He made his way over to the bookcase, tapping on the books on the third from the top row, which was way taller than me. He stopped at a blue bound one and pulled it downward from the top.
Click.
We all scanned the study, searching for the source of the click. But Mr. Fiddleman seemed to already know and ducked down, then slid to his belly where the baseboard below the bookshelf had popped open an inch. He wiggled it free to reveal a keyhole.
“There’s another spell here,” he said. “I’m not sure I’ll be able to break it, but I’ll try to numb its effects as best I can.”
“Should . . . should we stand back this time?” Zandren asked, having already finished the rest of my sandwich. “Is there going to be more dust?”
“I have no idea,” Mr. Fiddleman said. He waved his hand in front of the keyhole, muttering more words in a language I didn’t understand. This time though, he closed his eyes and, with his other hand, gripped a talisman that he wore around his neck.
Nothing happened. No dust, no lightning or trembling of the ground beneath our feet.
I held my breath anyway though, as he carefully slid the key into the keyhole and turned it clockwise a quarter of the way.
A quick glance beside me showed Zandren standing there with a nervous look on his face. He also had his hands protectively covering himself.
He caught me looking. “It’s an important part of me. I’d hate for it to get blown off.”
I couldn’t hide my smirk, but focused back on Mr. Fiddleman.

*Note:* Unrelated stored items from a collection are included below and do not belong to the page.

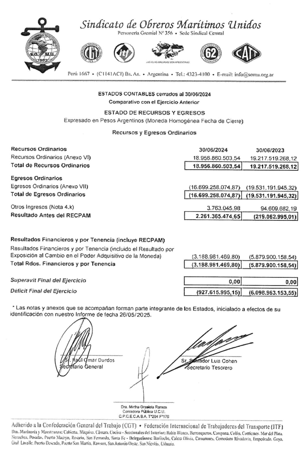 Amplía Molina: «La forma en que se firmó esta Memoria y Balance es grave porque deberían haber firmado los 6 revisores de cuenta titulares y en caso de no estar, no poder o no querer deben de llamar a los suplentes y firmaron solo los 3 afines a Durdos. Los otros no fueron convocados ni siquiera para poder verlo y dar su opinión ya que pertenecían a la oposición y para colmo presentan una documentación que indica que se aprobó por unanimidad». Sigue: «Tampoco lo presentaron a los afiliados y cuando se le reclamó al Secretario de Interior, Hernán Decorte llamó a sus abogados y le dieron la directiva de no entregar nada a nadie».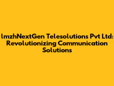 In today's fast-paced business environment, effective communication is the cornerstone of success. lmzhNextGen Telesolutions Pvt Ltd emerges as a pivotal player, offering innovative and tailored telesolutions designed to meet the evolving needs of modern enterprises. But what exactly sets lmzhNextGen apart, and how can its services transform your business communications? Let's dive deep into the world of lmzhNextGen Telesolutions and explore its impact on the industry.
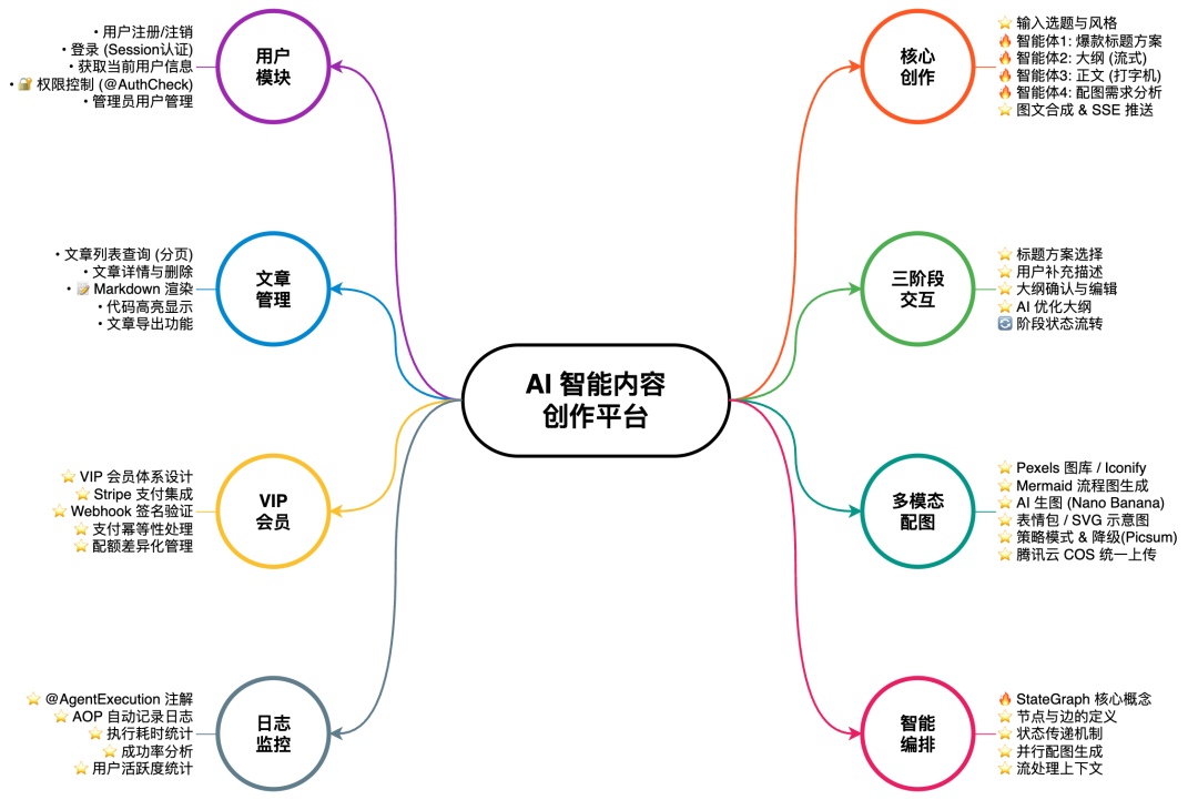 该项目功能丰富,涵盖用户系统、文章创作、多智能体编排、配图服务、VIP 会员支付、统计分析 6 大模块,20+ 功能点,覆盖了从 AI 多智能体协作、策略模式扩展到国际支付的完整企业级 AI 应用开发流程。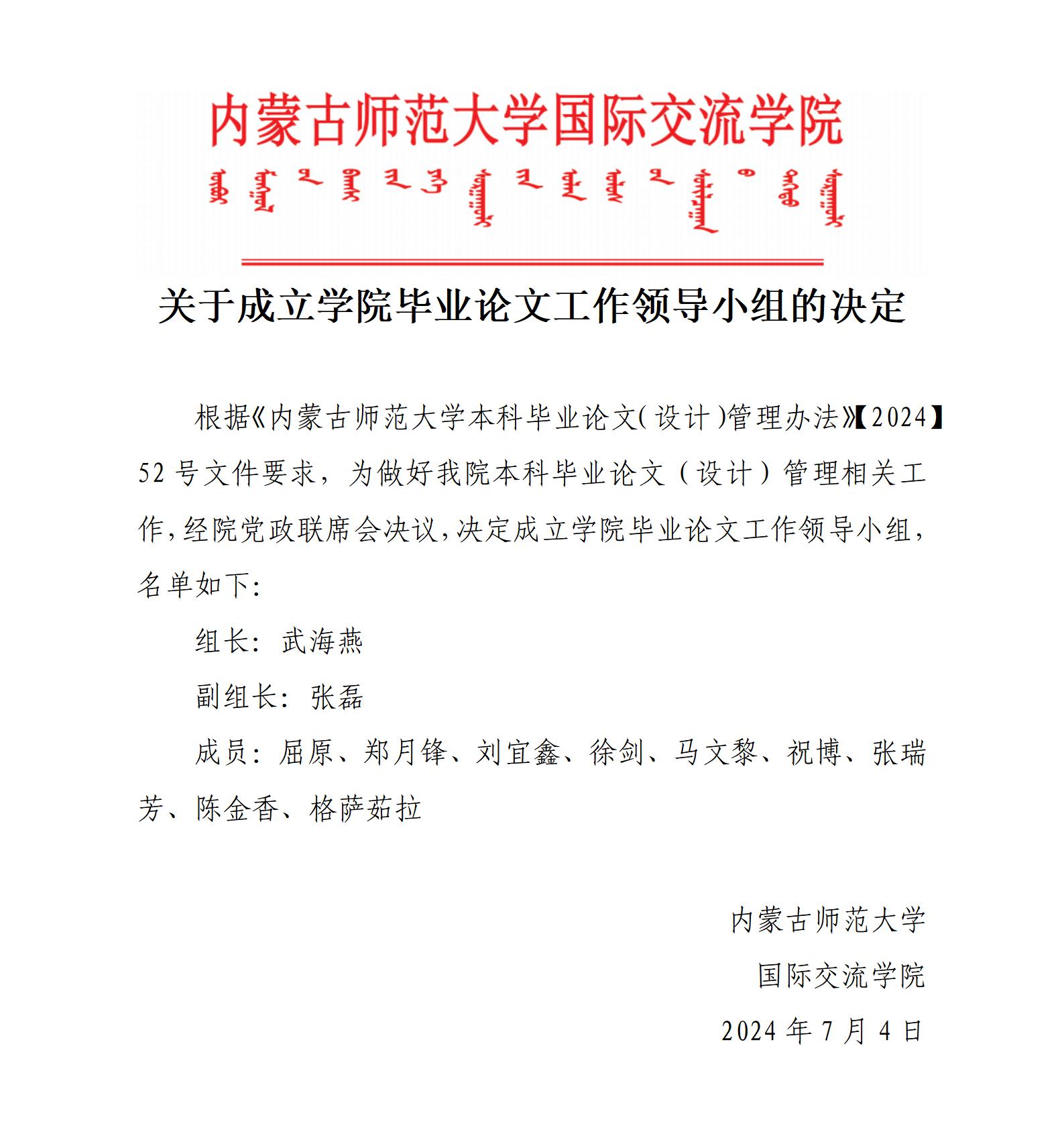 关于成立学院毕业论文工作领导小组的决定

He turned the key another quarter of the way, and that caused a second click.
I’d been breathing again, so I held my breath one more time as he pulled the key free and with it, the panel that concealed the keyhole, to reveal a hidden cubby space with documents and folders stacked inside.
Carefully, he reached inside, but as soon as those papers and folders hit the air, they burst into bright blue flames.
Mr. Fiddleman dropped them to the floor before they burned his fingers.
Maxar stepped forward and a bright beam of yellow fire erupted from his palms and onto the blue flames, dousing them until all that remained was smoke.
And ash.
“No,” I breathed. “No.” My bottom lip trembled, and I sunk to my knees, picking up the still warm ash in my fingers. A gust of wind from the now-open window blew it off of my fingertips and onto the floor.
“I thought you numbed the spell,” Drak said, that accusatory tone back in his voice.
“I did,” Mr. Fiddleman said. “I stopped the poisonous gas from filling the room. But I couldn’t stop the self-destruct spell on the files.”
“So that’s it?” I asked. “Now we’ll never know what secrets Aunt Delia was keeping?”
“I think the secret she was keeping was you, Your Majesty,” Mr. Fiddleman said. “For whatever reason, your mother came to her for help. And Delia made a vow to protect you. Perhaps your mother requested that you remain hidden from your father. If she was not his mate and your father took a mate and had an heir, you would still be first in line for the throne, and that heir could challenge your legitimacy. Maybe your mother knew the weight of responsibility for the person that wore the crown and didn’t want that for you?” He stood up and brushed off his khaki slacks. “I’m just . . . guessing here.”
“No. They’re good guesses. They make sense. What was my mother though? Is there a way to find that out?”
He glanced around the room. “There are still a lot of spells in here. In this whole house. It would take days for me to break them all.”
“I’ll pay you whatever you want,” I said quickly. “I have money.”
He shook his head and held up a hand with long, boney fingers. “I could never accept payment for this. Even if you weren’t the Queen. Delia was . . . special.”
“You loved her, didn’t you?”
Unshed tears shone in his unique blue-gray eyes. “I . . . I should have said something. I should have worked up the courage. She’s been coming into my shop for sixty years, and I’ve loved her for probably fifty-nine of those. She never brought you in because she was shielding you from this world. But she spoke of you so often. I feel like I know you.” His smile was sad, but so full of love. “I’ll do whatever I can to help you. To help get Delia the justice she deserves.”
“Thank you,” I whispered.
Drak’s phone rang in his pocket, and he took it out to the porch. I glared at his broad back as he went, wishing he’d just go and not come back. I still wasn’t on board with this whole Fated Mates thing. But at least Zandren and Maxar were proving themselves to be tolerable, if not even a little likeable.
But Drak was just a rude, pompous, bossy ass who—despite his insanely good looks and that smolder I’m sure he’d been perfecting for a few centuries now—could just disappear and go get locked in his coffin for all I cared.